[Opening Supplied material section]

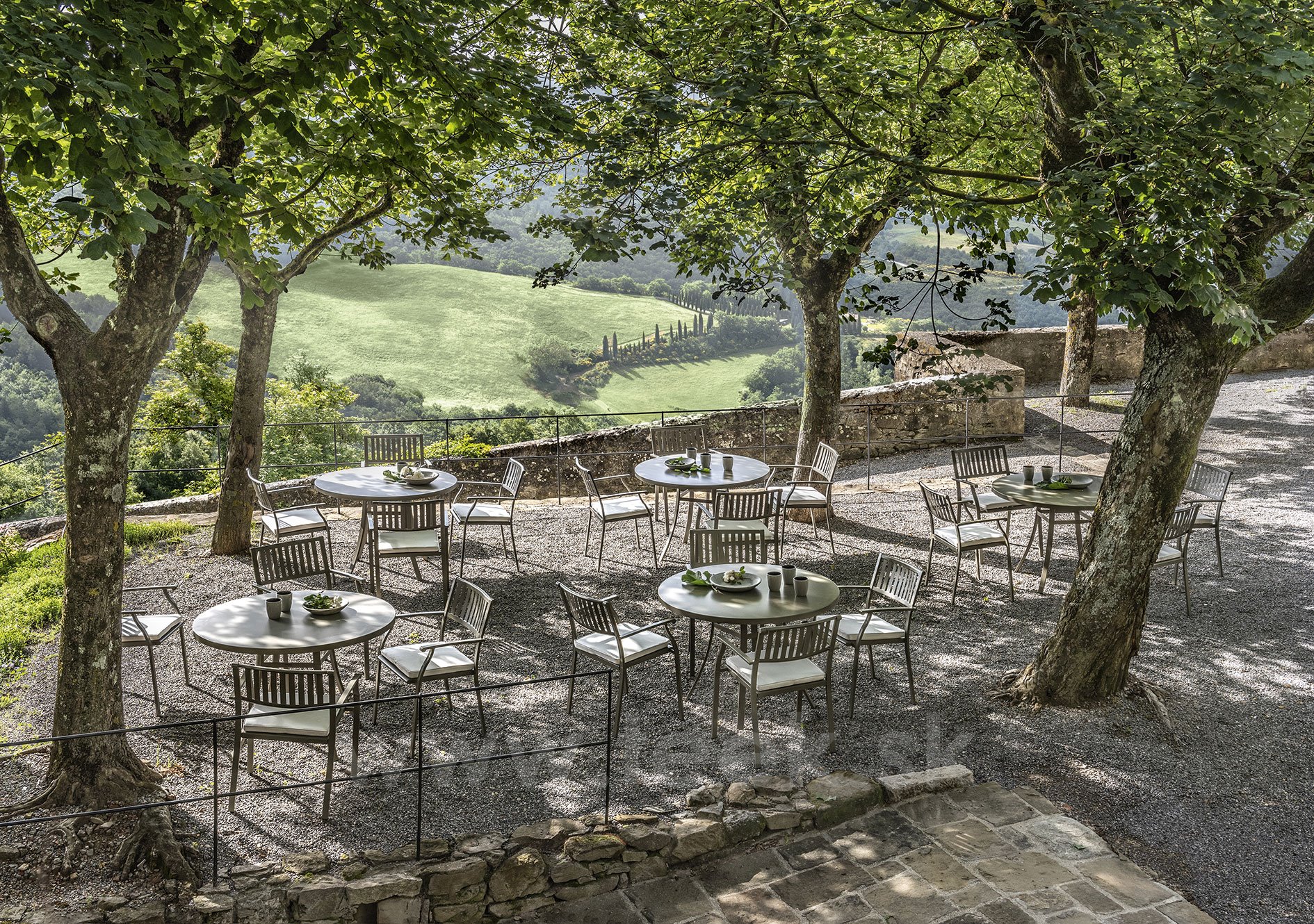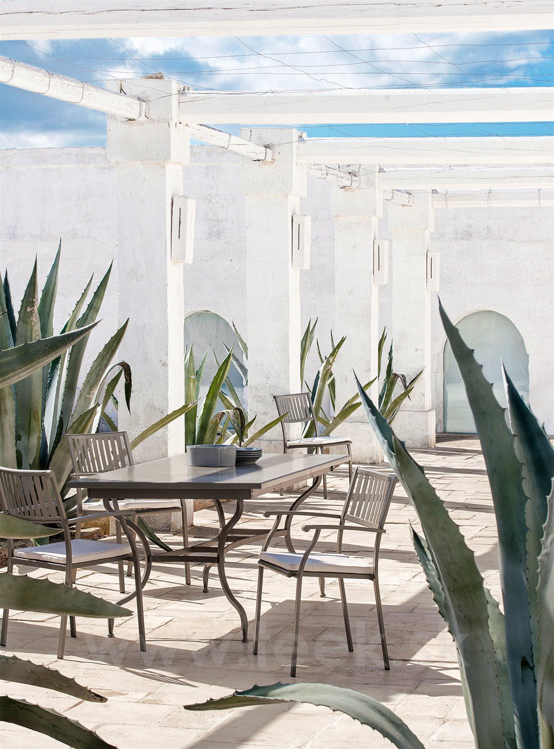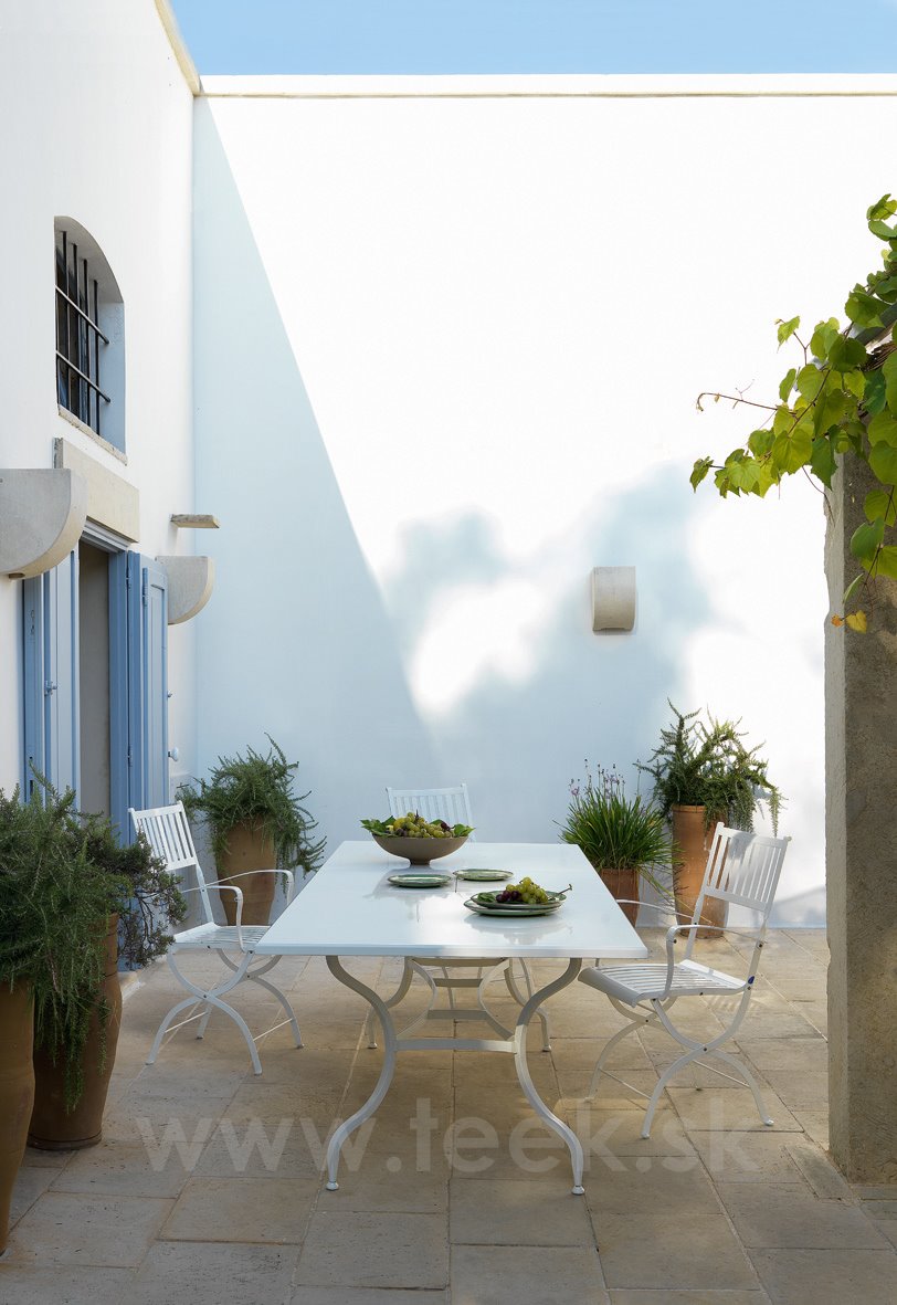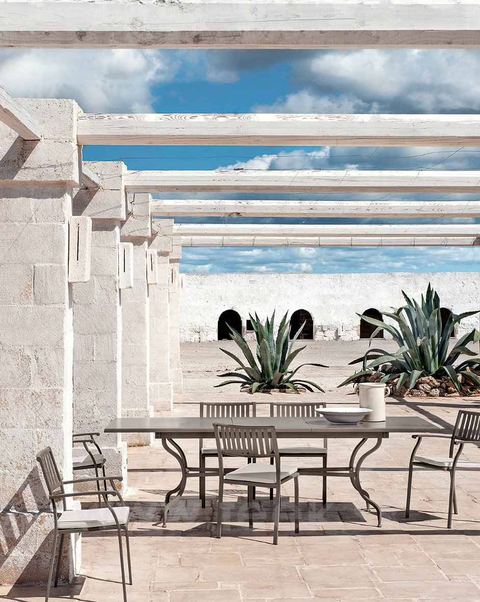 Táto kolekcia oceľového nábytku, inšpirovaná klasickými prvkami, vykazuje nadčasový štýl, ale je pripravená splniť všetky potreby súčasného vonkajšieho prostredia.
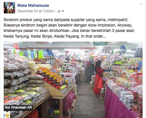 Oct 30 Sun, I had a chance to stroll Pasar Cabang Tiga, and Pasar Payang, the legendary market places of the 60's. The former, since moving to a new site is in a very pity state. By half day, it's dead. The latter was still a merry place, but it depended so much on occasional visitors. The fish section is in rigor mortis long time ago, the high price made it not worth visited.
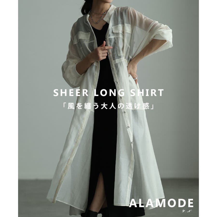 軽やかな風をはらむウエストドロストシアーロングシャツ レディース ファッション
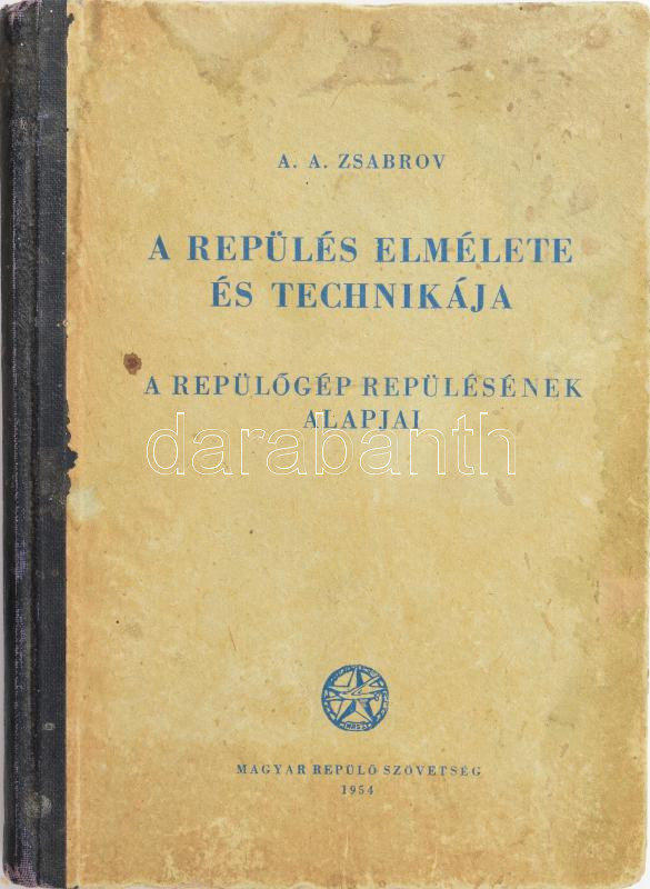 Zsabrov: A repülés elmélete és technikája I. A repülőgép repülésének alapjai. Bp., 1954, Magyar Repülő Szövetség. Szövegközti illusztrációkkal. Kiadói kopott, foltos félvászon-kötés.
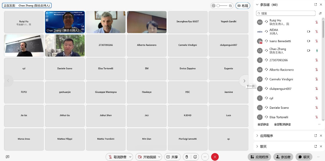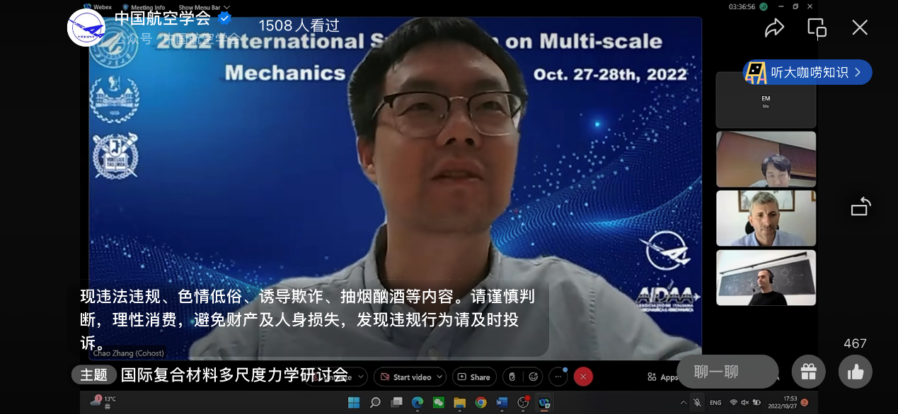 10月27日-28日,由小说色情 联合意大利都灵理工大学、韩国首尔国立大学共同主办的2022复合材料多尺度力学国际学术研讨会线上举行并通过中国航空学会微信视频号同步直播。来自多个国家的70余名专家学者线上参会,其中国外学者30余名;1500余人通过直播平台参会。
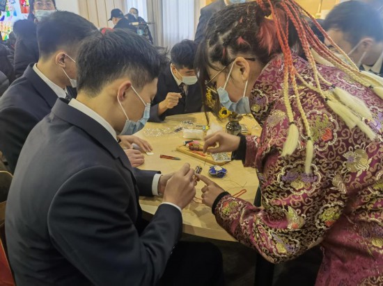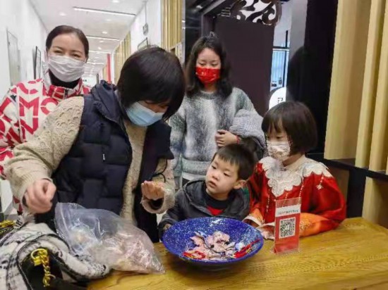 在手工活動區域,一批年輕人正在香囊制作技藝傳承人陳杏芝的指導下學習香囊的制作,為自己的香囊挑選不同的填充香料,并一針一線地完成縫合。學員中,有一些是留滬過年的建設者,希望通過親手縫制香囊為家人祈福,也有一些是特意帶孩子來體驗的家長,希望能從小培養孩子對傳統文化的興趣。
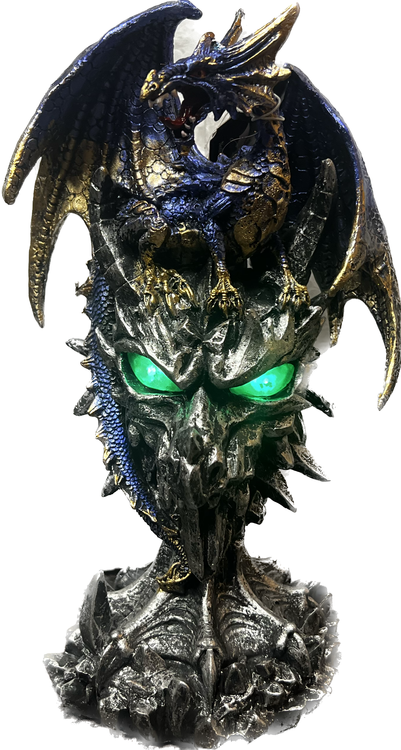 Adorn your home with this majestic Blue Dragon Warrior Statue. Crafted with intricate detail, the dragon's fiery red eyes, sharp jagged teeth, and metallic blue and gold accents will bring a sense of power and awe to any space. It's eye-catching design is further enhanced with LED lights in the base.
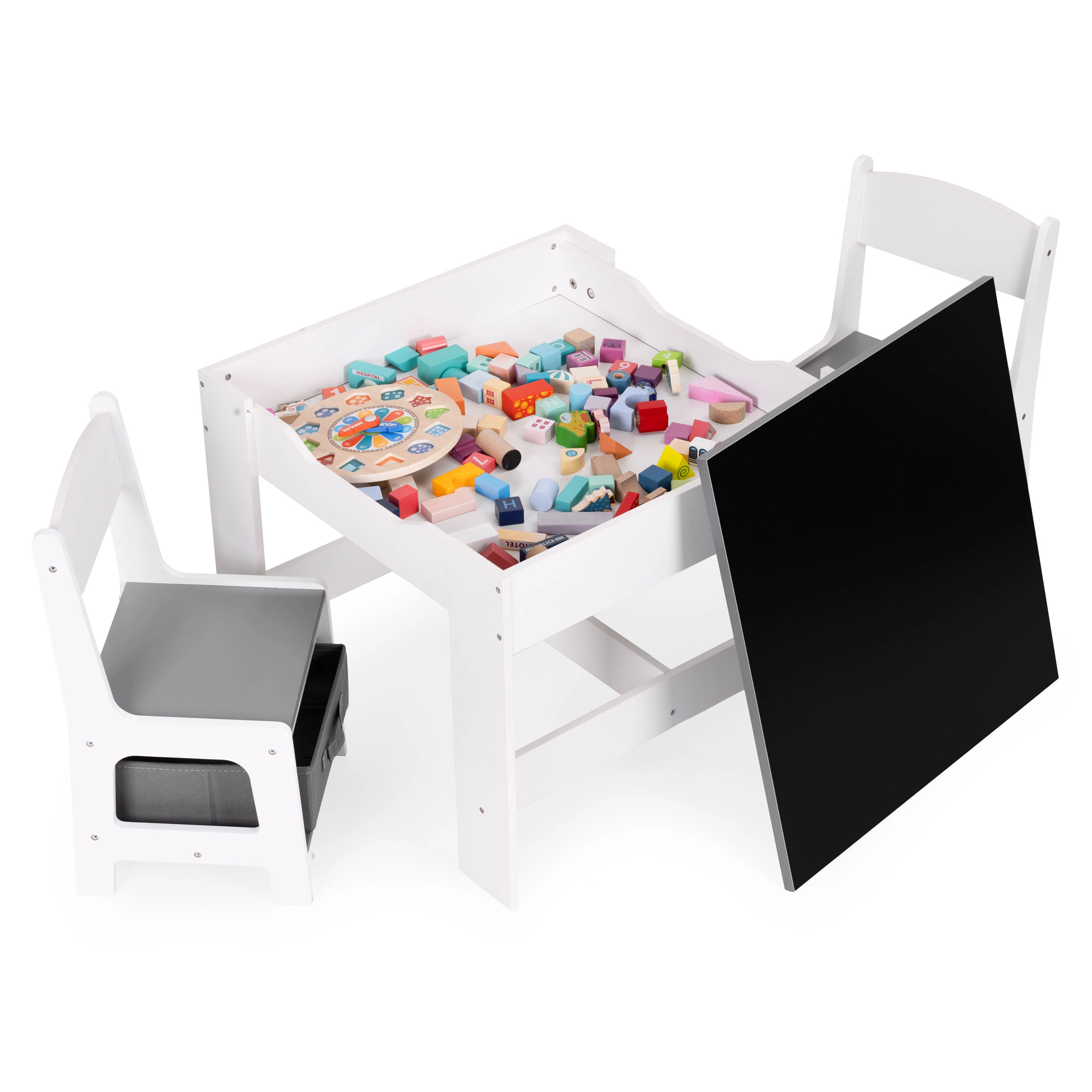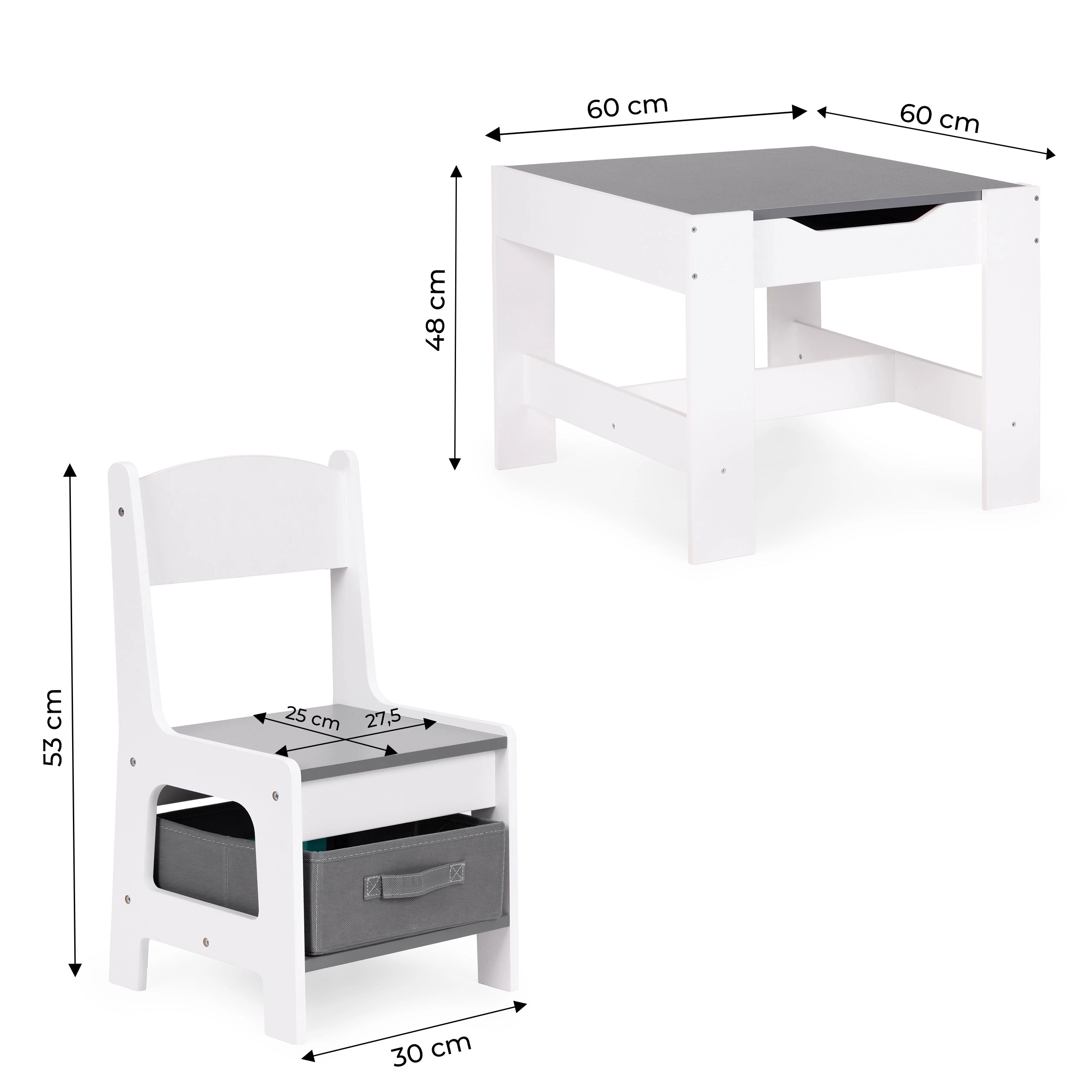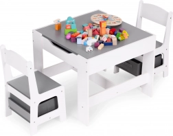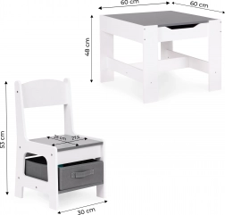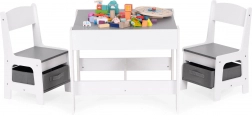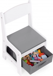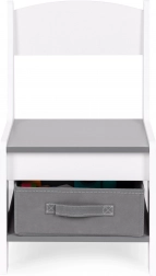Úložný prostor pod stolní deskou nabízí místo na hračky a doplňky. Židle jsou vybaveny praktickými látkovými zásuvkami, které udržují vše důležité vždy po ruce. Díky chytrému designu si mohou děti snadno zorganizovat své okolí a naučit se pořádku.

[Closing Supplied material section]

— Problem —
The reply should hold the lines from the top of the records through the line containing "10月27日-28日,由小说", reproduced exactly, and no pictures.

— Reply to the exercise —
 Táto kolekcia oceľového nábytku, inšpirovaná klasickými prvkami, vykazuje nadčasový štýl, ale je pripravená splniť všetky potreby súčasného vonkajšieho prostredia.
 Oct 30 Sun, I had a chance to stroll Pasar Cabang Tiga, and Pasar Payang, the legendary market places of the 60's. The former, since moving to a new site is in a very pity state. By half day, it's dead. The latter was still a merry place, but it depended so much on occasional visitors. The fish section is in rigor mortis long time ago, the high price made it not worth visited.
 軽やかな風をはらむウエストドロストシアーロングシャツ レディース ファッション
 Zsabrov: A repülés elmélete és technikája I. A repülőgép repülésének alapjai. Bp., 1954, Magyar Repülő Szövetség. Szövegközti illusztrációkkal. Kiadói kopott, foltos félvászon-kötés.
 10月27日-28日,由小说色情 联合意大利都灵理工大学、韩国首尔国立大学共同主办的2022复合材料多尺度力学国际学术研讨会线上举行并通过中国航空学会微信视频号同步直播。来自多个国家的70余名专家学者线上参会,其中国外学者30余名;1500余人通过直播平台参会。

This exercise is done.